Venezuelan Elections Must Include the Diaspora
Venezuela is experiencing an unprecedented economic, political, and humanitarian crisis that has caused more than 5.3 million people to flee the country in the last five years. As the international community has consistently argued, a critical measure to secure a transition to the rule of law is to restore a legitimate government through free, fair, and transparent presidential elections. These elections will only be legitimate if fundamental democratic norms are respected, including enabling the Venezuelan diaspora to exercise their constitutional right to vote.
The following commentary builds on a recent CSIS piece: Free and Fair Presidential Elections in Venezuela Are Overdue. In it, the authors make the case that although Venezuela is constitutionally required to hold legislative elections by December 2020, only presidential elections can contribute to ending the ongoing constitutional crisis, influence sanctions policy, and alleviate the suffering of the Venezuelan people.
This piece focuses on the importance of registering voters and coordinating out-of-country voting (OCV) for a transitional election in Venezuela. The analysis sketches the key regulatory, logistical, and financial hurdles to implementing OCV, places Venezuela in comparative perspective, and provides initial actionable recommendations for the international community.
Modern OCV dates as far back as the United States Civil War, and at least 115 countries currently have OCV provisions. The scale of these electoral operations vary vastly, as OCV has been used in both regular and transitional elections. While the United States and other countries allow expats to vote from abroad, OCV is also often used in post-conflict contexts. In the Afghan presidential elections of 2004, for example, OCV was used to enfranchise millions of refugees living in Pakistan and Iran.

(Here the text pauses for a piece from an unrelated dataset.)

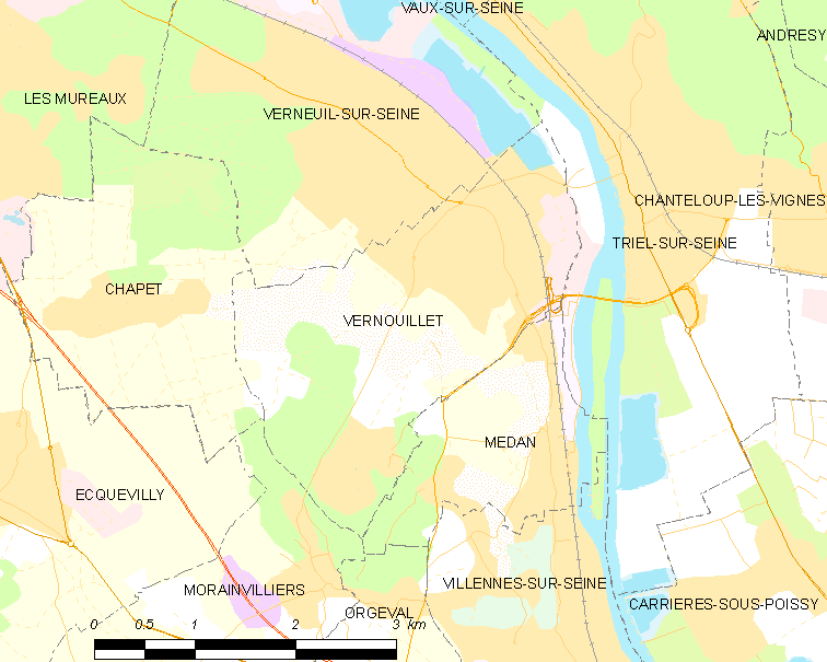 Map of French municipality Vernouillet

OCV operations vary depending on the political context, budget, and the location of the diaspora. Some countries allow citizens to vote by mail. Others establish in-person polling stations in locations with large diaspora populations or allow citizens to vote at embassies and consulates. These methods are sometimes used in tandem. For example, in 2004, the Philippines allowed postal voting only in countries deemed to have efficient postal systems. Filipino migrants living elsewhere voted at in-person voting stations, consulates, or embassies.
Two Possible Scenarios for Venezuela
As of now, there are two scenarios which could lead to a presidential election in Venezuela.
First, the Maduro regime agrees to hold presidential elections while remaining in power and Maduro or someone aligned with the regime participates as a candidate. These elections would be carried out by a newly designated Consejo Nacional Electoral (CNE) and would be subject to scrutiny and oversight from the international community. For the opposition to consider participating in such an election, the Maduro regime would need to be party to a political agreement that establishes minimum conditions of electoral integrity. OCV in this scenario would nevertheless draw from Venezuela’s existing regulatory framework.
In the second scenario, Maduro leaves power before a presidential election takes place. After reaching a national agreement, the international community steps in to administer all aspects of a transitional election, including OCV. This scenario requires a more extensive coordinated effort by the international community, perhaps comparable to the 1996 Bosnian presidential election, in which over 600,000 refugees were registered to vote. This election was administered by the Organization for Cooperation and Security in Europe, which established a Refugee Elections Steering Group that worked with the International Organization for Migration (IOM) to coordinate the electoral operations of OCV. Another example is the Afghan presidential election of 2004, which was managed by the Joint Electoral Management Board (JEMB) in cooperation with the United Nations Mission to Afghanistan. As in the Bosnian case, the JEMB contracted the IOM to carry out OCV.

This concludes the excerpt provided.